PROBLEM TO SOLVE. Output every entry exactly as written, skipping any pictures.

====

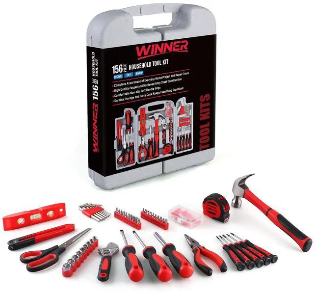WINNER 156-Piece Delicate All-Purpose Home Tool Kit in Foldable Toolbox, Unis...
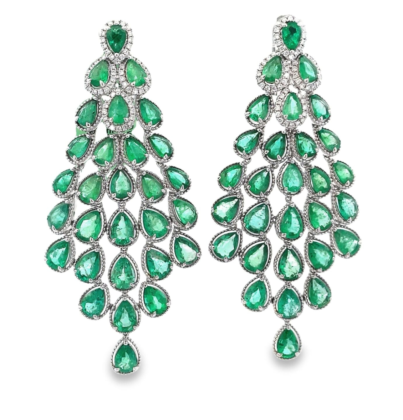 Pear Shaped Emerald 14k White Gold White Diamond Earring
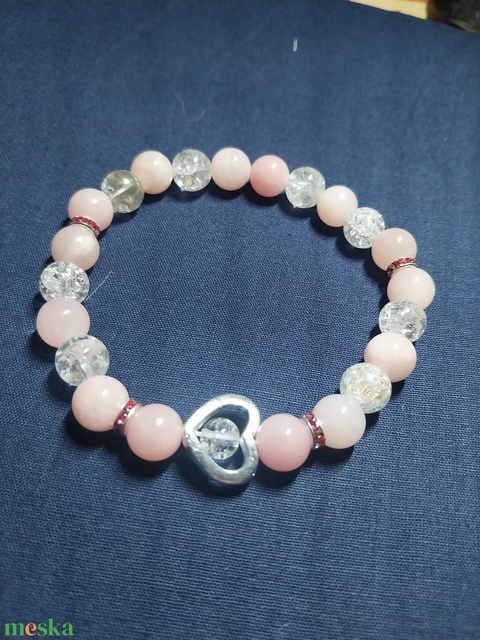 Rózsakvarc és helyikristálybol készült karkötő igény szerint méretre füzöm
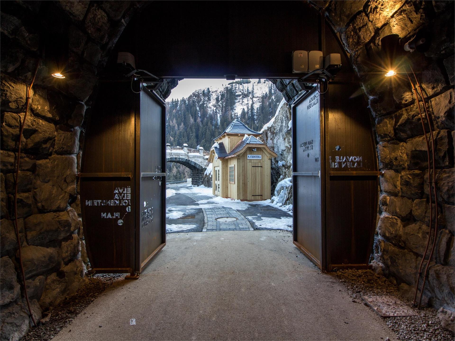 Vom Jahre 1917 bis 1960 fuhr das Grödner Bahnl durch den Bahntunnel in der Nähe der Pfarrkirche in St. Christina. Nach aufwändigen Restaurationsarbeiten wurde der Tunnel im Jahre 2017 wiedereröffnet und für geschichtsbegeisterte Passanten und für Fußgänger entlang des Bahnweges z...
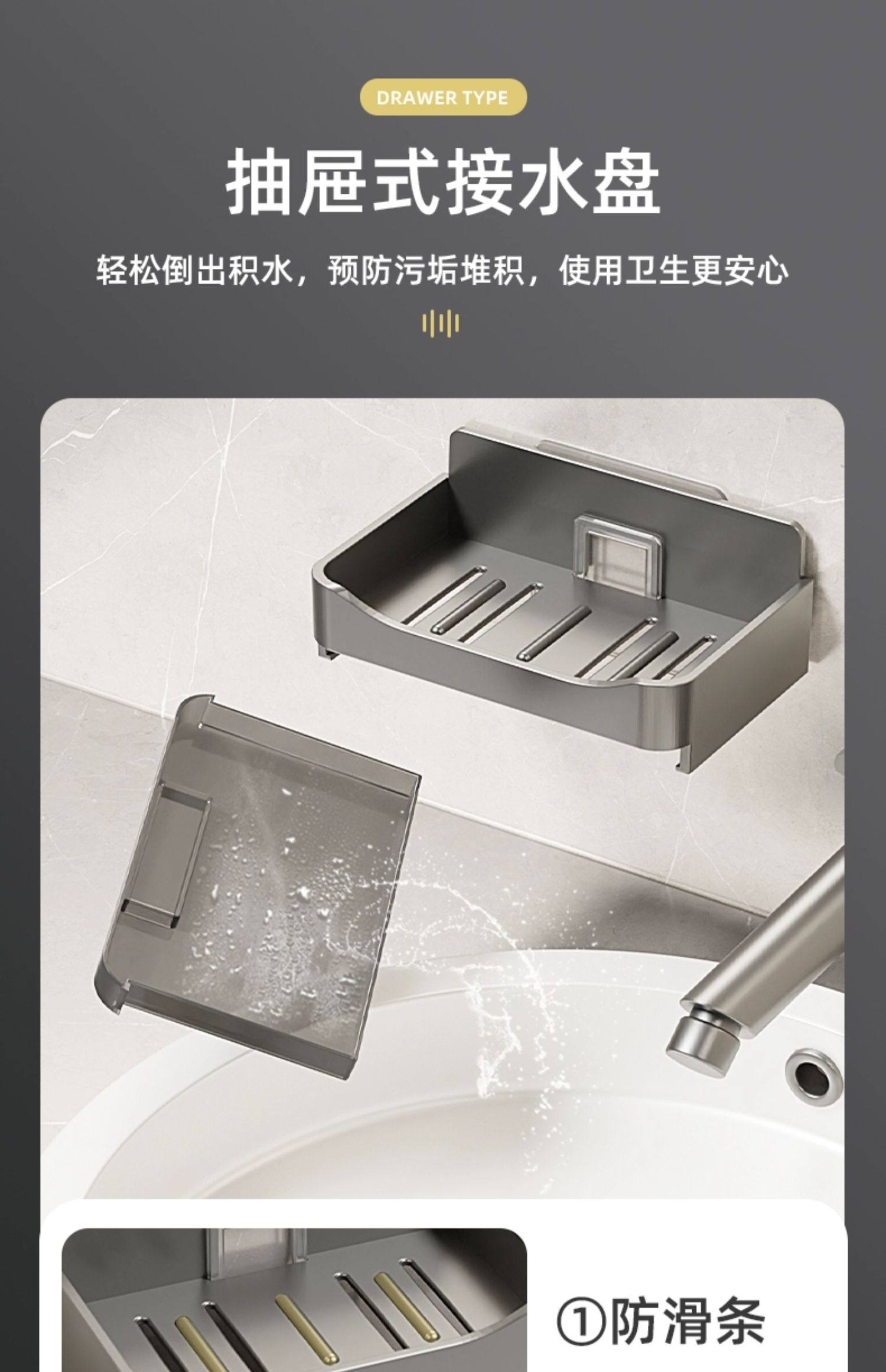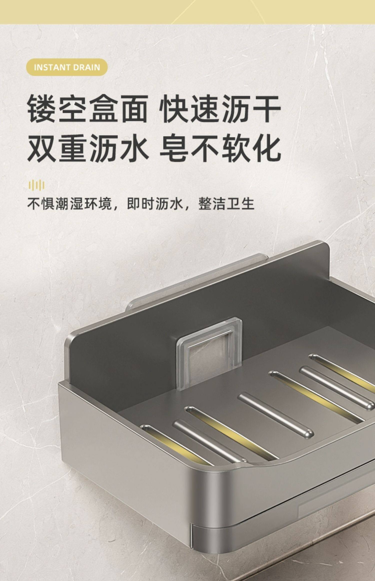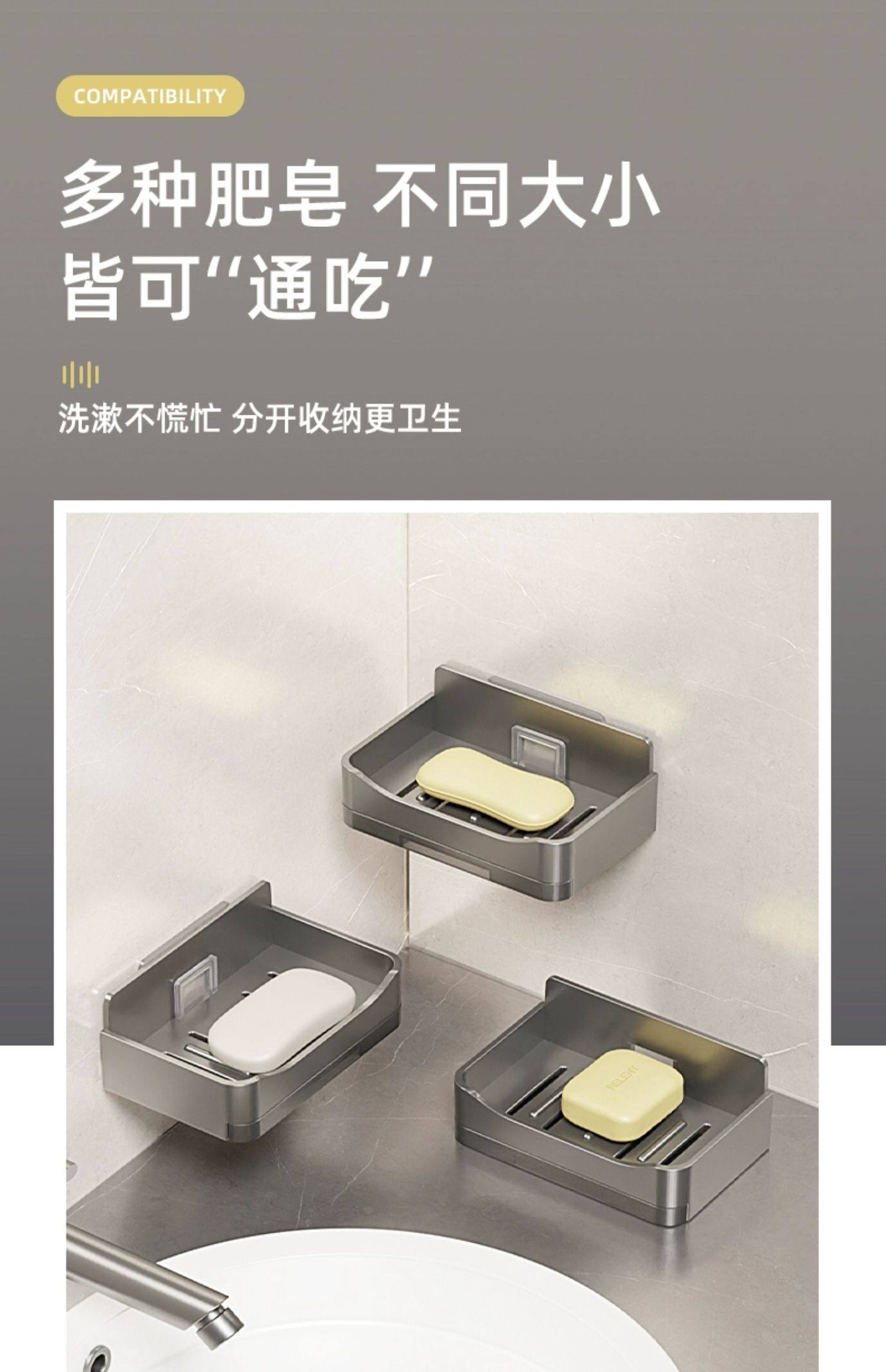 家用高档沥水肥皂盒香皂架卫生间上墙壁挂式双层皂盒免打孔置物架

====

RESULT FOR THIS EXERCISE.
WINNER 156-Piece Delicate All-Purpose Home Tool Kit in Foldable Toolbox, Unis...
 Pear Shaped Emerald 14k White Gold White Diamond Earring
 Rózsakvarc és helyikristálybol készült karkötő igény szerint méretre füzöm
 Vom Jahre 1917 bis 1960 fuhr das Grödner Bahnl durch den Bahntunnel in der Nähe der Pfarrkirche in St. Christina. Nach aufwändigen Restaurationsarbeiten wurde der Tunnel im Jahre 2017 wiedereröffnet und für geschichtsbegeisterte Passanten und für Fußgänger entlang des Bahnweges z...
 家用高档沥水肥皂盒香皂架卫生间上墙壁挂式双层皂盒免打孔置物架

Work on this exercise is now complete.